__WORK REQUEST__: Transcribe the whole listing below. Pictures do not go in the copy.

__SOURCE MATERIAL__:
::::::
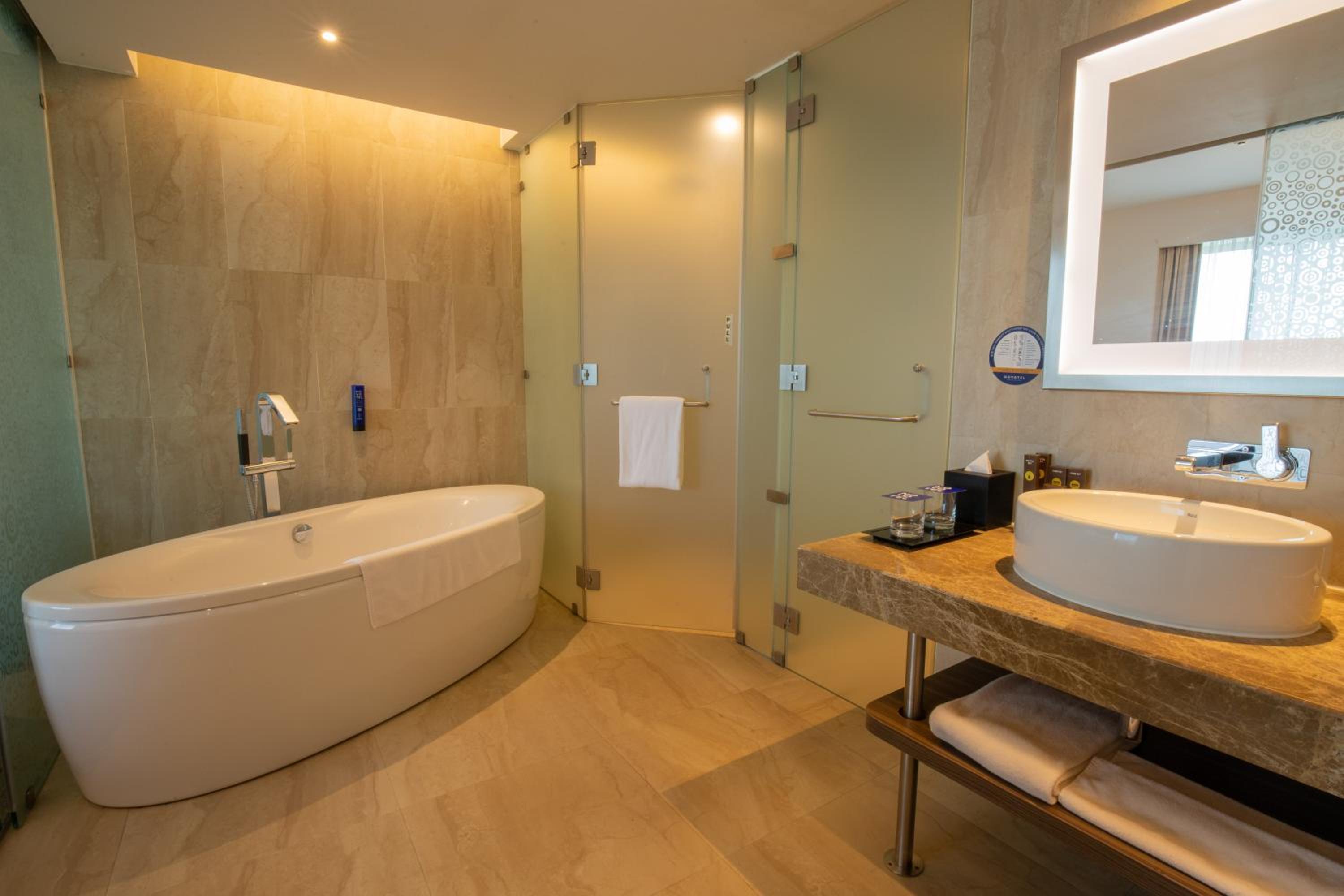 Featuring an open-air swimming pool and a fitness centre, Novotel Pune Nagar Road offers a luxurious stay just minutes away from Pune Airport and Phoenix Market City. The air-conditioned rooms are equipped with modern amenities including a flat-screen TV, minibar, and tea/coffee maker. Private bathrooms come with complimentary toiletries and slippers.
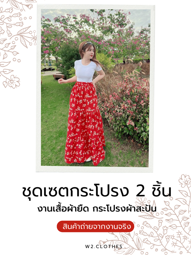 เสื้อยืดผ้านุ่ม ยืดเยอะ ใส่สบายนุ่มผิว + กระโปรง ทรงสวิง เย็บแบบต่อชาย ใช้ผ้าเยอะ เพื่อความพริ้ว สวยมาก ซัมเมอร์นี้ต้องมี
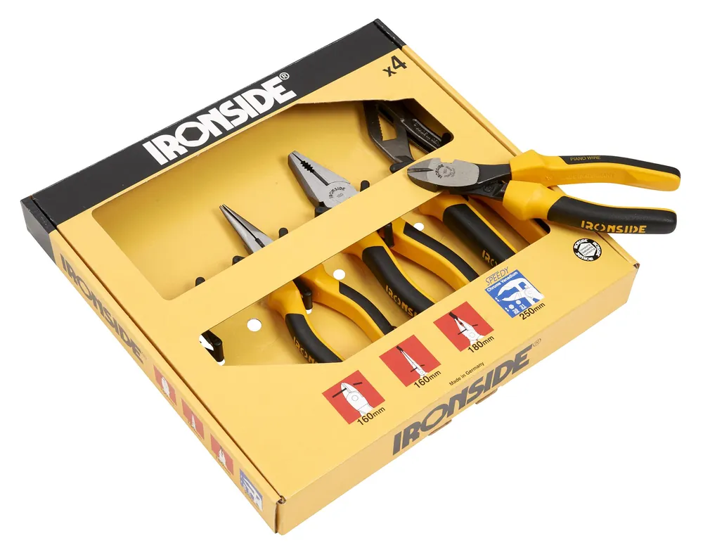 Ett 4 delar tångset av kromvanadinstål med polerat skyddslackerat huvud och ergonomiskt utformade grepphylsor av tvåkomponentsmaterial. Setet innehåller en polygriptång, en kombinationstång, en sidavbitare samt en spetstång.
::::::
__TASK SOLUTION__:
 Featuring an open-air swimming pool and a fitness centre, Novotel Pune Nagar Road offers a luxurious stay just minutes away from Pune Airport and Phoenix Market City. The air-conditioned rooms are equipped with modern amenities including a flat-screen TV, minibar, and tea/coffee maker. Private bathrooms come with complimentary toiletries and slippers.
 เสื้อยืดผ้านุ่ม ยืดเยอะ ใส่สบายนุ่มผิว + กระโปรง ทรงสวิง เย็บแบบต่อชาย ใช้ผ้าเยอะ เพื่อความพริ้ว สวยมาก ซัมเมอร์นี้ต้องมี
 Ett 4 delar tångset av kromvanadinstål med polerat skyddslackerat huvud och ergonomiskt utformade grepphylsor av tvåkomponentsmaterial. Setet innehåller en polygriptång, en kombinationstång, en sidavbitare samt en spetstång.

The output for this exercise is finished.